Give summer corn a boost with a popular Mexican preparation. This recipe instructs you to char the corn, which will downplay its sugary sweetness, bring out a complex, smoky flavor and create the perfect canvas for more powerful flourishes. Use chile powder made of 100% dried chiles, like ancho or guajillo, without added salt and spices.

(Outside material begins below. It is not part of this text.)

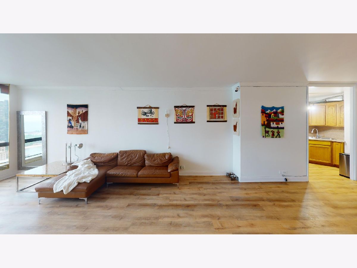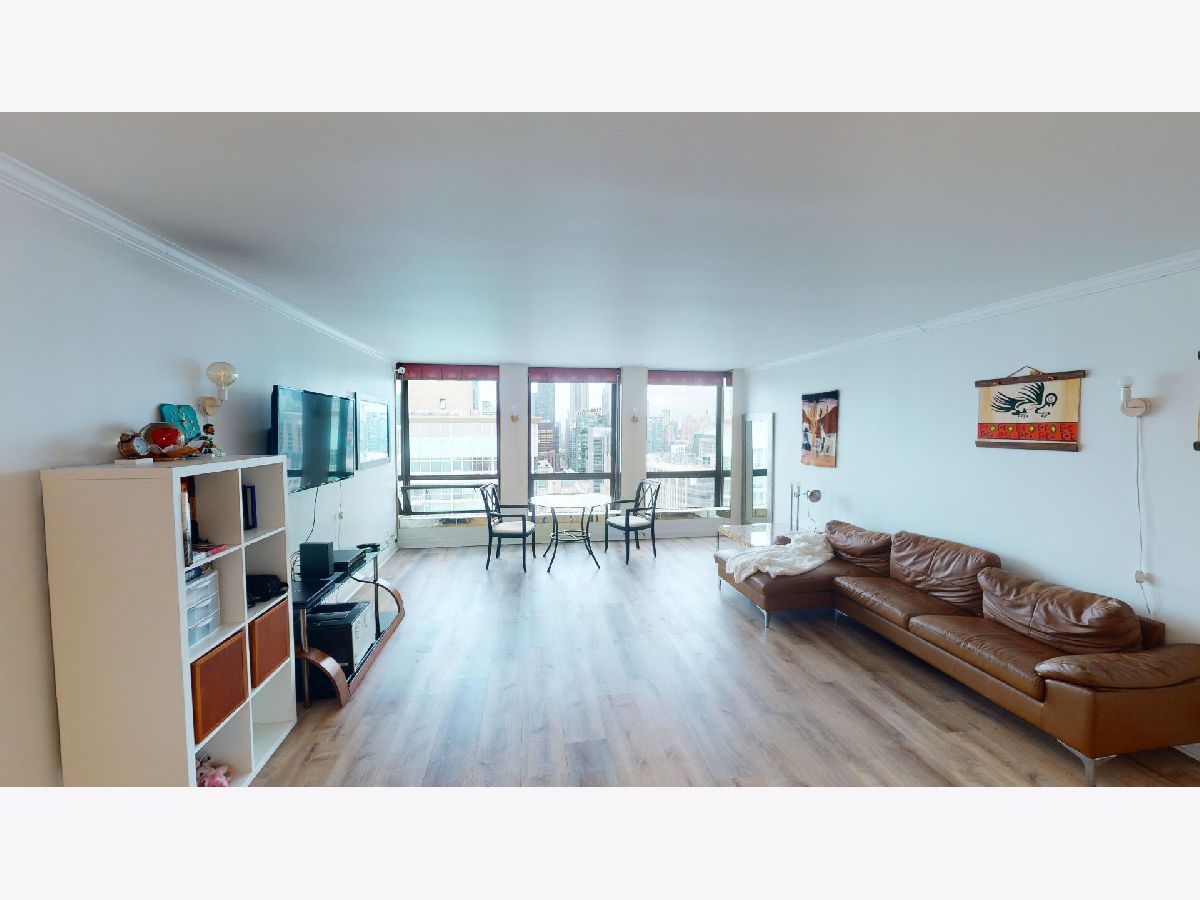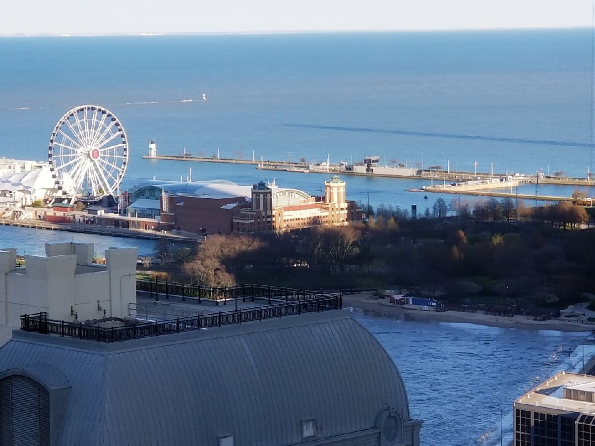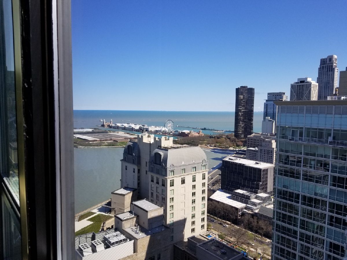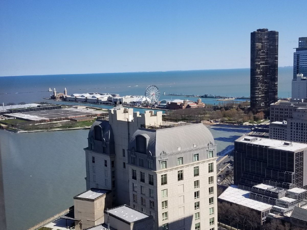 Located on the 43rd floor with views of Lake Michigan and Navy Pier, this spacious 1 bedroom, 1 bath condo features over 1000sf of living space and is available fully furnished! This is the largest one bedroom floor plan in the building! Water and sound proof hardwood looking vinyl floors flow seamlessly throughout the open floor plan. Dining room with custom wet bar. Over-sized living room is perfect for entertaining, with fantastic city and lake views. Updated kitchen appliances. Graciously sized master suite with walk-in cedar closet. The bathroom is equipped with a walk-in rain shower and double sinks. Prime Gold Coast / Streeterville location within walking distance to shops, restaurants, Lake Shore Park, transportation and more! You can view the fireworks, the color changing Ferris Wheel and the Air & Water Show from the comfort of your living room! There is a convenience market 1 block away in the black Mies building and Lake Shore Park is a block south. The Plaza on Dewitt is a full amenity building with 24 hour doorman, rooftop sundeck, outdoor pool, party room, fitness center, restaurant and salon! The pool is easy to access via 2 flights of stairs or elevator and it has a restroom with showers. High speed internet and cable included in monthly rent. Leased garage parking available.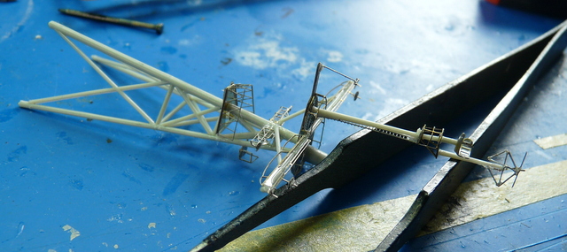 La pose des mâts : le petit mat avant, pas très difficile. Le grand mat, ce n’est pas une sinécure. Trois micro tétons à glisser dans leur trou respectif. Le tout plein de colle, il faut bien viser. Malgré cela, ça ne va pas en place et on ripe en étalant la colle sur le pont. A chaque emboîtage parfait, le mat saute de ses logements. J’ai rusé en bridant le tout avec un système maison. On ne touche plus, on verra bien demain.

- 6 tablespoons mayonnaise
- 3 tablespoons sour cream
- 1 tablespoon fresh-squeezed lime juice
- ½ teaspoon chile powder, plus more to taste
- ¾ cup fine-crumbled Cotija cheese or queso fresco
- 4 ears corn, shucked
- Chopped cilantro, to finish
- Lime wedges, for serving
Combine mayo, sour cream, lime juice and chile powder in mixing bowl. On separate plate, sprinkle cheese in single layer. Set aside.
Warm grill or cast-iron pan over high heat. Add corn, in batches, if necessary,and cook, turning, until lightly charred, 6–10 minutes.
Using spoon or brush, coat hot corn evenly with mayo mixture. Quickly roll each ear in cheese, and shake off excess. Finish with cilantro and chile powder, to taste. Serve with lime wedges. Serves 4.
With notes of pineapple, mango and guava, and seductive aromas of citrus blossoms, this wine will transport you to the Mexican seaside. Like the lime wedges served with this dish, the wine’s crisp acidity has a refreshing effect on the rich corn.